**Task to complete:** Return, from the listing below, every line that includes "image".

━━ The data ━━

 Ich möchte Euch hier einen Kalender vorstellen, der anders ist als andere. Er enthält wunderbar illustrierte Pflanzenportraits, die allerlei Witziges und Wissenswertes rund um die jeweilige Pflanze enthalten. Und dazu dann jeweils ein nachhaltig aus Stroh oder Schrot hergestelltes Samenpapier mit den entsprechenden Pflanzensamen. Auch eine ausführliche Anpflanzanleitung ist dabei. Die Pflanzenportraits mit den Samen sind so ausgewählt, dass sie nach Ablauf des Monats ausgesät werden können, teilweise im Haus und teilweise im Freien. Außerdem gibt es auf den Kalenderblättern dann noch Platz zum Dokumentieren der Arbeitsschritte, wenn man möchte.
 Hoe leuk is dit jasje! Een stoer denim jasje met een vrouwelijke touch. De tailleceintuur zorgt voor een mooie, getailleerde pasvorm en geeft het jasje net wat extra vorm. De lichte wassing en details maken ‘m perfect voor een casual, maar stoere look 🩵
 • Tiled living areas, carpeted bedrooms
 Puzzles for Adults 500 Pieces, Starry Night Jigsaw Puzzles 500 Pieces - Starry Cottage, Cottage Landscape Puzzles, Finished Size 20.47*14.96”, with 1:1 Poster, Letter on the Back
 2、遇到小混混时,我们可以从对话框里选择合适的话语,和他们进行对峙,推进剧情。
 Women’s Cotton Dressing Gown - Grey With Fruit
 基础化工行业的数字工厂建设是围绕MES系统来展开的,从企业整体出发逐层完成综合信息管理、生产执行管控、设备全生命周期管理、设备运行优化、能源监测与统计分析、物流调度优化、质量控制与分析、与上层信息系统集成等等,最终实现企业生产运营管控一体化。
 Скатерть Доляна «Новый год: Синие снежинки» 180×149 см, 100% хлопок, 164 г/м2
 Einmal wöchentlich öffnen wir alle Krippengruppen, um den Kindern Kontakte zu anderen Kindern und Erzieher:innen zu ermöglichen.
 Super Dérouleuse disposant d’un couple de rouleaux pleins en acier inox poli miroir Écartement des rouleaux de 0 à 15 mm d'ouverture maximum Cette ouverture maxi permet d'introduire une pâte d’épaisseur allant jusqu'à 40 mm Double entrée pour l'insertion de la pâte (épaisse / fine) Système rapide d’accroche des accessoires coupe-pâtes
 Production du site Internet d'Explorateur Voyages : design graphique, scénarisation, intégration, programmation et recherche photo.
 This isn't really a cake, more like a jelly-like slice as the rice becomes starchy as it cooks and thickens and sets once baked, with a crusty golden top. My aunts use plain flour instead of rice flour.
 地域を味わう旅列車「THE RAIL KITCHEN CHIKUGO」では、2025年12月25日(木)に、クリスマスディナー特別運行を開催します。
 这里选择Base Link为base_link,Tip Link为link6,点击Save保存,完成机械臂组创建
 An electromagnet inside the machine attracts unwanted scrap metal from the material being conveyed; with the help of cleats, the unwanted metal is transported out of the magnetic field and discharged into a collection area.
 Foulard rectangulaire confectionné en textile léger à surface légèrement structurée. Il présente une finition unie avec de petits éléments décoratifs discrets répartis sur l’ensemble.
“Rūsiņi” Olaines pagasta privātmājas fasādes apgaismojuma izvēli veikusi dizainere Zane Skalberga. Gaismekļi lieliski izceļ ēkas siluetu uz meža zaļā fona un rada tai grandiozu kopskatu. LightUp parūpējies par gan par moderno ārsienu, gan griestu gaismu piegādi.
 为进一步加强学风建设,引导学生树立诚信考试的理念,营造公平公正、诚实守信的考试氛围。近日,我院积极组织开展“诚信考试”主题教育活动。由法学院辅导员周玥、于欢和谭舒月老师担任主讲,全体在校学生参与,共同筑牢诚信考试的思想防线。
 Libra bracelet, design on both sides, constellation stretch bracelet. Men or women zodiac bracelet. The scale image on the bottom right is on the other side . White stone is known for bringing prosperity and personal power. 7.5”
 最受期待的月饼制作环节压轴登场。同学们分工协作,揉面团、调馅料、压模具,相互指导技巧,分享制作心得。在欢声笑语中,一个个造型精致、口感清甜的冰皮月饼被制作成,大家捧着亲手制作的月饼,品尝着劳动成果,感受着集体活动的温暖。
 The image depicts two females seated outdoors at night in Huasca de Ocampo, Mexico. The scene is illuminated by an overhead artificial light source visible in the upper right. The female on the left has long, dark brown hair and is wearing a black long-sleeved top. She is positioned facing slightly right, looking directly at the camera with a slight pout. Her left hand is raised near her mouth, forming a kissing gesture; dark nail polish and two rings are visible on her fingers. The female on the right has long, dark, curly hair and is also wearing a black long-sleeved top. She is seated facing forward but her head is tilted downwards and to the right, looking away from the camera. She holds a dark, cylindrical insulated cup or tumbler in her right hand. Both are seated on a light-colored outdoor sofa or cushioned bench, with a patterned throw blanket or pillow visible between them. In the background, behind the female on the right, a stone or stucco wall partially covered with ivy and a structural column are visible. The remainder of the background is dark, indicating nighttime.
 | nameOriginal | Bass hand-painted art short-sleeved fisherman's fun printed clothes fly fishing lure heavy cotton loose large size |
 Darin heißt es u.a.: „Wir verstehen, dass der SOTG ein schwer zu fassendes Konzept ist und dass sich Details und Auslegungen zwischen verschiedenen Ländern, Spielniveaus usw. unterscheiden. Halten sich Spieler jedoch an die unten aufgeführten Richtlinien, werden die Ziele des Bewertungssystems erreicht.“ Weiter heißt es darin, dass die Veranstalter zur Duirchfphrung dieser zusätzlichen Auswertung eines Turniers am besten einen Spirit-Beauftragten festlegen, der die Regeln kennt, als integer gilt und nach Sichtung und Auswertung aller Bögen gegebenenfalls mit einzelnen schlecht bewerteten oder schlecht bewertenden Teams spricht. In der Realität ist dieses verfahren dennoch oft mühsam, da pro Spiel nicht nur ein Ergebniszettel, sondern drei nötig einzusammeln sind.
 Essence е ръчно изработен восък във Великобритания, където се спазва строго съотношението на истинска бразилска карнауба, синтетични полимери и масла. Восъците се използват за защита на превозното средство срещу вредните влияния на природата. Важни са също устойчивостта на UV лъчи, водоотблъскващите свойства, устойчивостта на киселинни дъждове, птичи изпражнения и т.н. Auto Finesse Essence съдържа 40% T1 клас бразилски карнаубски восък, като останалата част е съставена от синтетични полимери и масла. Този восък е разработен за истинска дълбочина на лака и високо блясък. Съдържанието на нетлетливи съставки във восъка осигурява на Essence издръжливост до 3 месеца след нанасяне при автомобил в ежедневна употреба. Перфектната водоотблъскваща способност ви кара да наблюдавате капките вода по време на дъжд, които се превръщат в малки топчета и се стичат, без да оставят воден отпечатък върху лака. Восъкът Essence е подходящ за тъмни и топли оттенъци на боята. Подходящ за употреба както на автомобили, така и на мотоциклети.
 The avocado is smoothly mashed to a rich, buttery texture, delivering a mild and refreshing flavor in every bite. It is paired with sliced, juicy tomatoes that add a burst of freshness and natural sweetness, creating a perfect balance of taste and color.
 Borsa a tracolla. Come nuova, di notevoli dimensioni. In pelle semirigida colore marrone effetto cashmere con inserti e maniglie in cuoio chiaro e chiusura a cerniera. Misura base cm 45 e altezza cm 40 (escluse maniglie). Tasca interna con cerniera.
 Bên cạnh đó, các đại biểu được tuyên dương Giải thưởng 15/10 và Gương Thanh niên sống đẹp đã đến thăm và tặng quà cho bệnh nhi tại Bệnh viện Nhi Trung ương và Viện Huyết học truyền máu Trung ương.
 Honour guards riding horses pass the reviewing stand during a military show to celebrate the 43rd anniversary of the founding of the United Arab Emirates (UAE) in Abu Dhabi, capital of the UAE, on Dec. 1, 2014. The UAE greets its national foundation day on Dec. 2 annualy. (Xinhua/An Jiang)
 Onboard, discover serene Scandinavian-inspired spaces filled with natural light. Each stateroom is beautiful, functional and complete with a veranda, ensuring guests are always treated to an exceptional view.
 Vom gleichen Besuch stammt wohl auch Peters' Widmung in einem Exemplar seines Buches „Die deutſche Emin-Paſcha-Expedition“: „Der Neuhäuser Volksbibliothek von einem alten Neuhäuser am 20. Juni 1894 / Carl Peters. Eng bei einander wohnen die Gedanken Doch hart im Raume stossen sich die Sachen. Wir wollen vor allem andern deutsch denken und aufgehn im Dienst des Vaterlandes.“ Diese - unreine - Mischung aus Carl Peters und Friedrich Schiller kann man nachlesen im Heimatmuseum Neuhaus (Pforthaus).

━━━

**Result for this exercise:**
 Libra bracelet, design on both sides, constellation stretch bracelet. Men or women zodiac bracelet. The scale image on the bottom right is on the other side . White stone is known for bringing prosperity and personal power. 7.5”
 The image depicts two females seated outdoors at night in Huasca de Ocampo, Mexico. The scene is illuminated by an overhead artificial light source visible in the upper right. The female on the left has long, dark brown hair and is wearing a black long-sleeved top. She is positioned facing slightly right, looking directly at the camera with a slight pout. Her left hand is raised near her mouth, forming a kissing gesture; dark nail polish and two rings are visible on her fingers. The female on the right has long, dark, curly hair and is also wearing a black long-sleeved top. She is seated facing forward but her head is tilted downwards and to the right, looking away from the camera. She holds a dark, cylindrical insulated cup or tumbler in her right hand. Both are seated on a light-colored outdoor sofa or cushioned bench, with a patterned throw blanket or pillow visible between them. In the background, behind the female on the right, a stone or stucco wall partially covered with ivy and a structural column are visible. The remainder of the background is dark, indicating nighttime.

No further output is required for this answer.